DATASET CONTENT Block Start

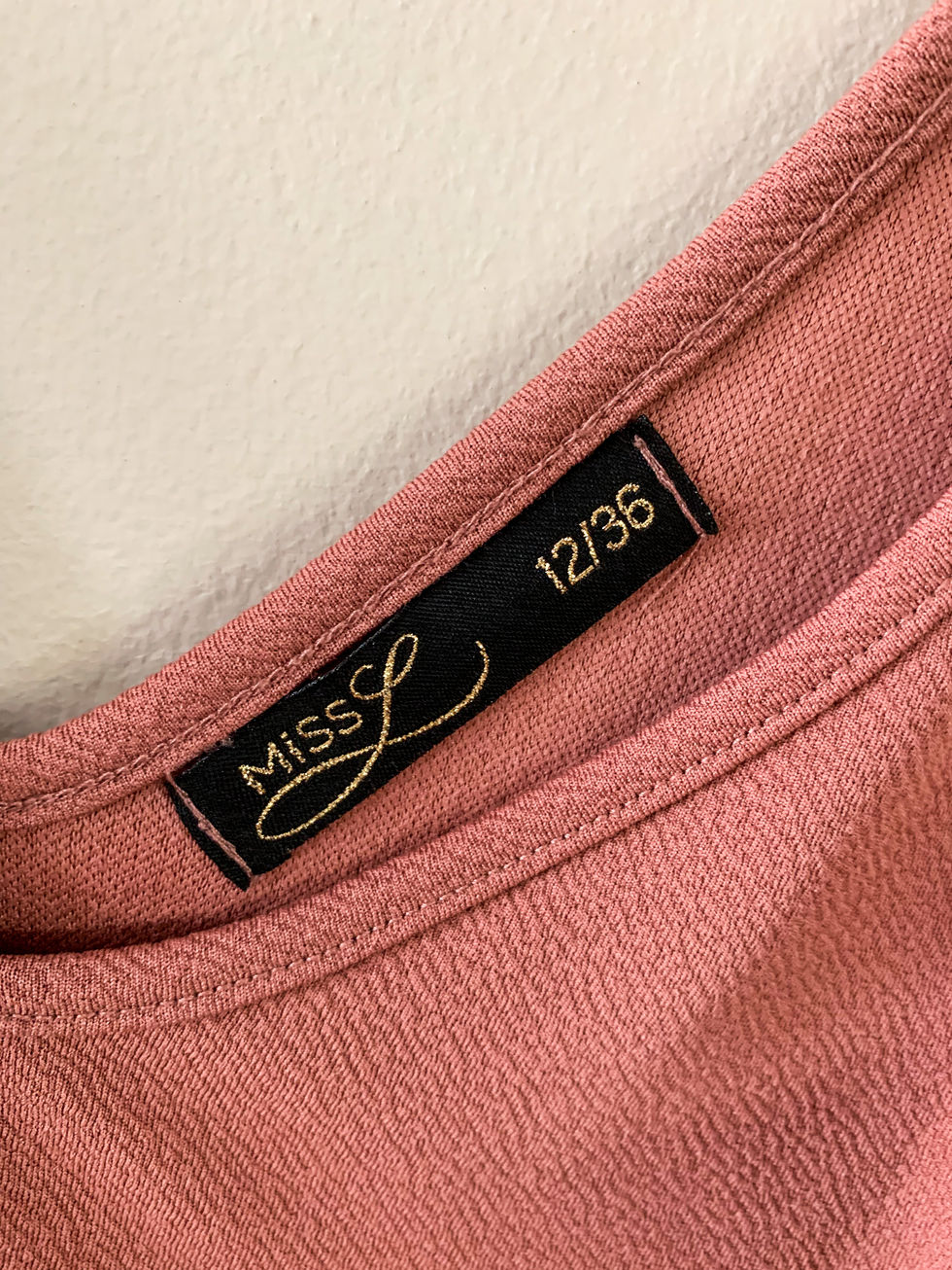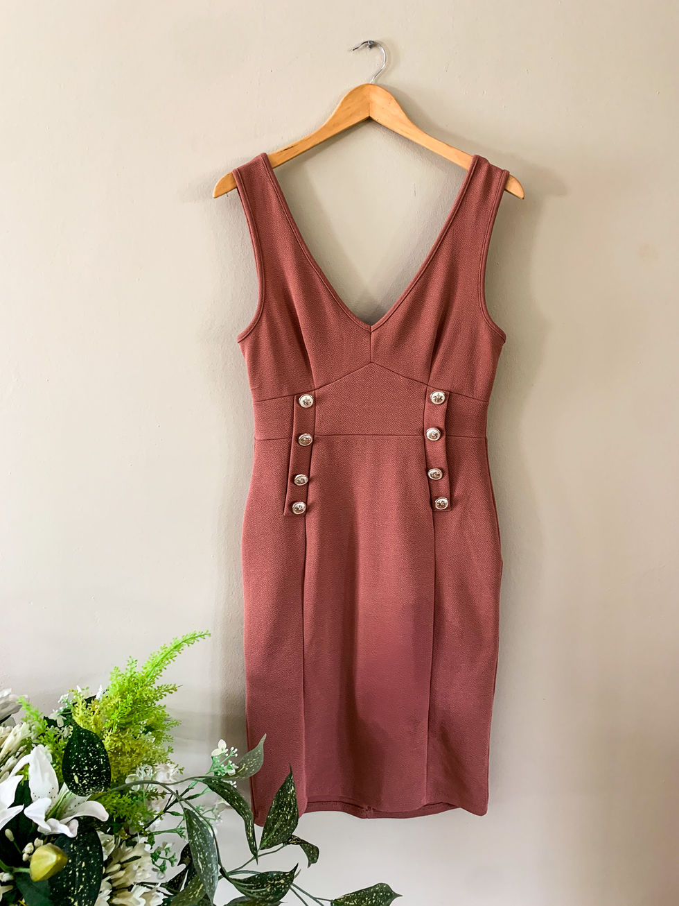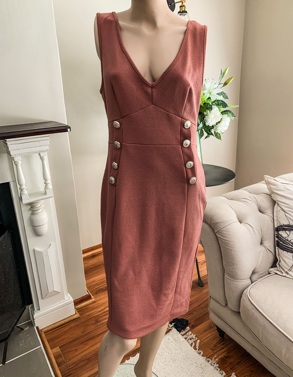 Soft and stylish, this dusty pink shift dress by MISS L features a poly-spandex blend for comfort and stretch. The military-inspired button detailing adds a unique edge, making it a standout piece for any occasion.
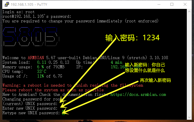 第四步,putty链接玩客云,(用户名:root,密码:1234)
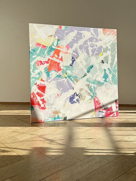 Die Bilder aus der Reihe FLOW und DIAMOND sind auf naturbelassener Baumwolle gemalt – mit Pigment und wenig Binder.

DATASET CONTENT Block End

Return all the lines above exactly; none of the pictures should appear.

EXERCISE RESULT
 Soft and stylish, this dusty pink shift dress by MISS L features a poly-spandex blend for comfort and stretch. The military-inspired button detailing adds a unique edge, making it a standout piece for any occasion.
 第四步,putty链接玩客云,(用户名:root,密码:1234)
 Die Bilder aus der Reihe FLOW und DIAMOND sind auf naturbelassener Baumwolle gemalt – mit Pigment und wenig Binder.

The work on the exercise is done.